Forced from their homes in Armenia by the conflict, compensated only partially if at all for their losses and often living in abysmal conditions in squalid camps, many of these refugees are primed to lash back at their enemies, real or imagined.

Of the 87 Azerbaijanis killed by army gunfire in the last three weeks and buried in a martyrs’ graveyard in Baku’s Kirov Park, 32 were refugees, according to journalist Arif Yunisov.
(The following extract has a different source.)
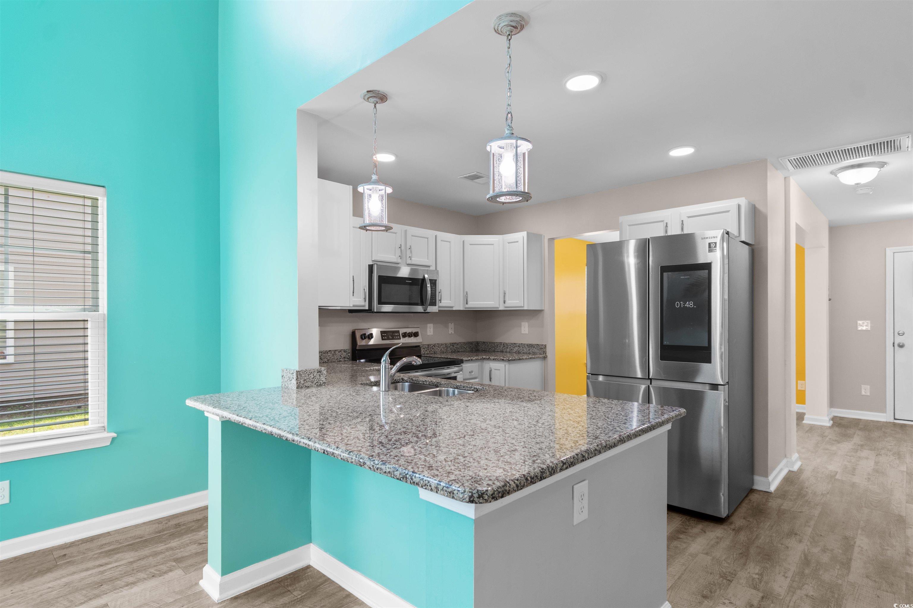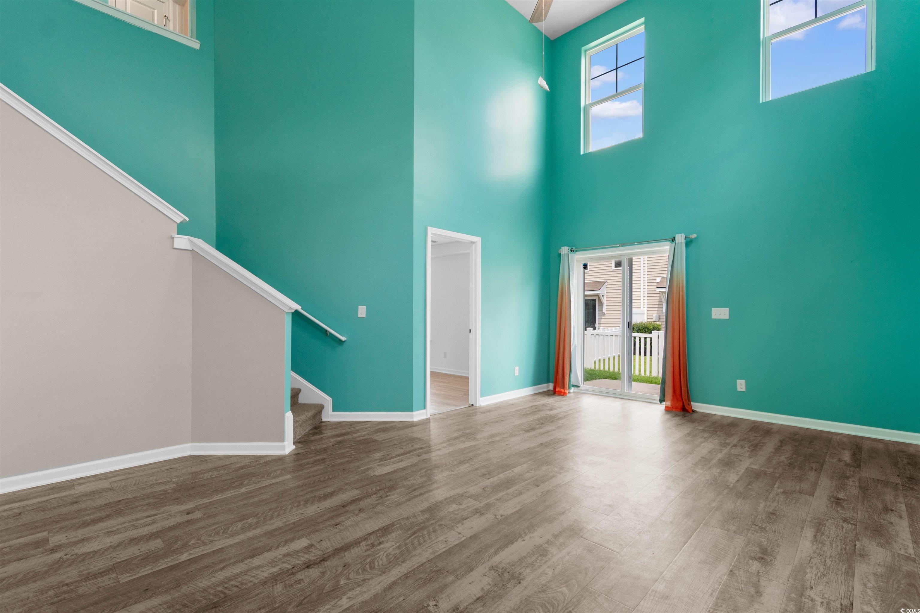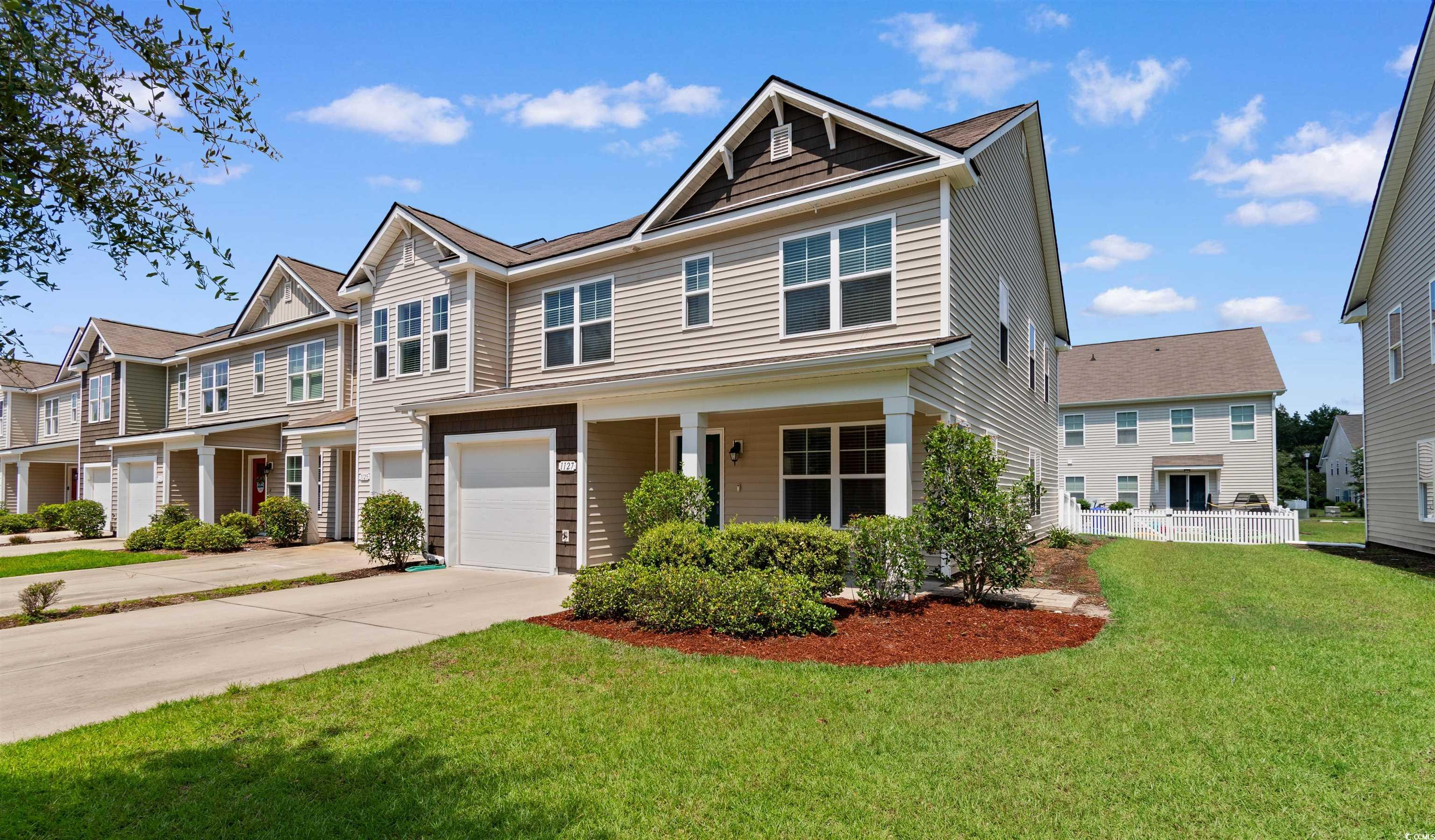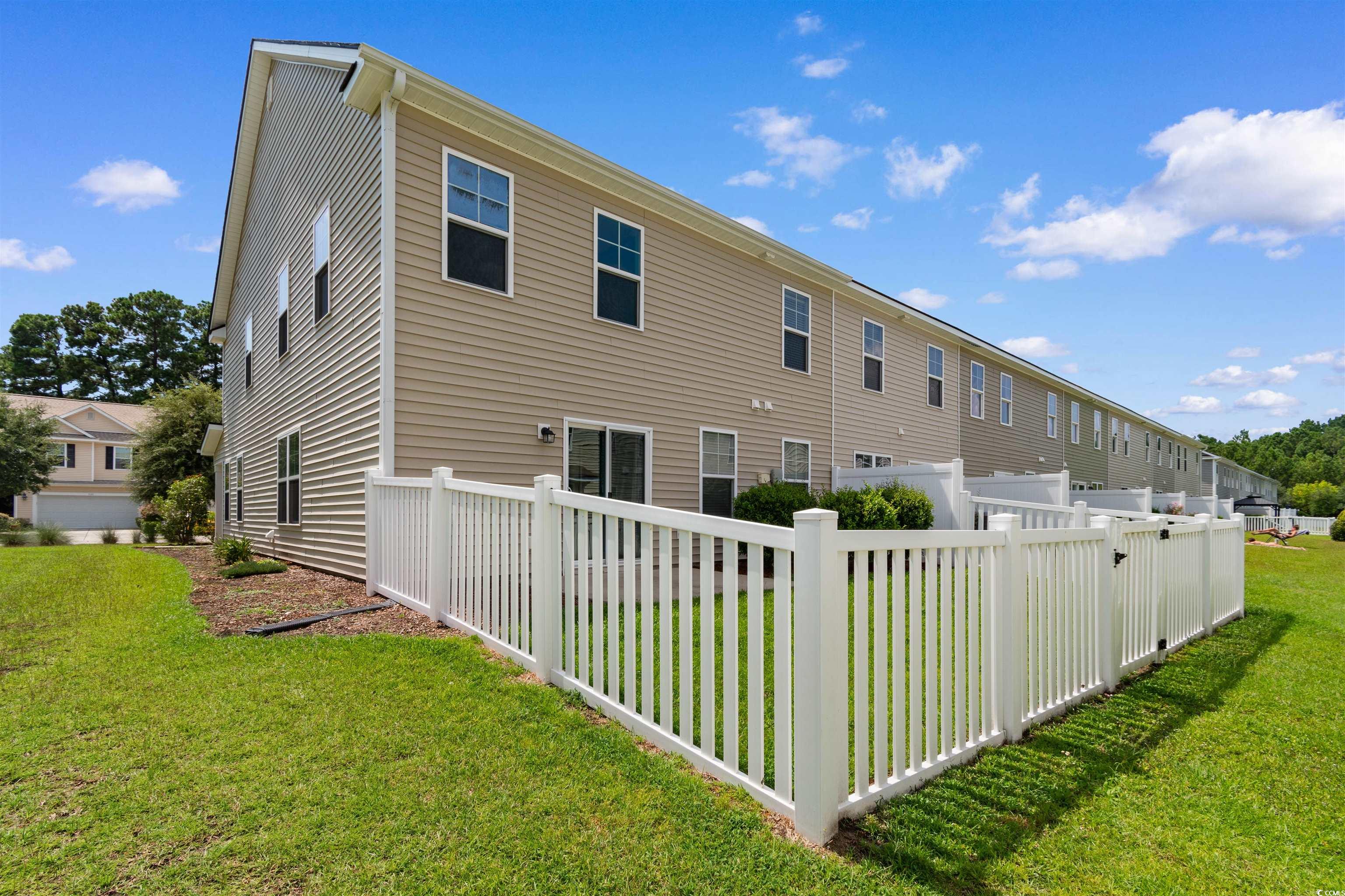 Beautiful 4 Bedroom, 3.5 Bath End-Unit Townhome with Garage This spacious 4-bedroom, 3.5-bath townhome offers the perfect blend of comfort, style, and convenience. As an end unit, the home is filled with natural light through additional windows, creating a bright and inviting atmosphere. The first floor features the primary suite, complete with a dual vanity ensuite bath and walk-in closet with brand-new carpet. The open-concept living area boasts soaring vaulted ceilings in the great room, a gourmet kitchen with granite countertops, stainless steel appliances, and white cabinetry, plus a dining room conveniently located off the entry. A guest half bath is also located on the main level. Upstairs, you’ll find three generously sized bedrooms and two full bathrooms. Two bedrooms share a Jack & Jill bath, while the laundry room (washer & dryer included) adds extra convenience. Luxury vinyl flooring flows throughout the home (with new carpet on the staircase), and the attached single-car garage offers built-in shelving for extra storage. Enjoy outdoor living with a covered front porch and a fenced backyard, ideal for pets or children. The community features a swimming pool and includes lawn care in the monthly HOA, making maintenance a breeze. This location is close to shopping, restaurants, outlet mall shops, Coastal Carolina University, medical/hospital, historic Conway, golf, and much more!

He said 28 additional refugee victims are buried elsewhere.

In addition to refugees, the Nagorno-Karabakh conflict has created thousands of new supporters for the fledgling Azerbaijani Popular Front, a movement patterned after similar movements advocating independence in the Baltic republics, Lithuania, Latvia and Estonia.

But some in the front say that this growth is a mixed blessing, diverting a movement ostensibly dedicated to economic and political autonomy into ethnic warfare, and reportedly causing deep organizational divisions in the process.

Maj. Gen. Anatoly I. Kirilyuk, deputy military commander in Baku under martial law, was asked about the front in an interview and replied: “If we take up its program, I’m ready to sign it myself. It’s a good program. But the fact that all sorts of (extremist) groups have formed out of it--that’s another question.”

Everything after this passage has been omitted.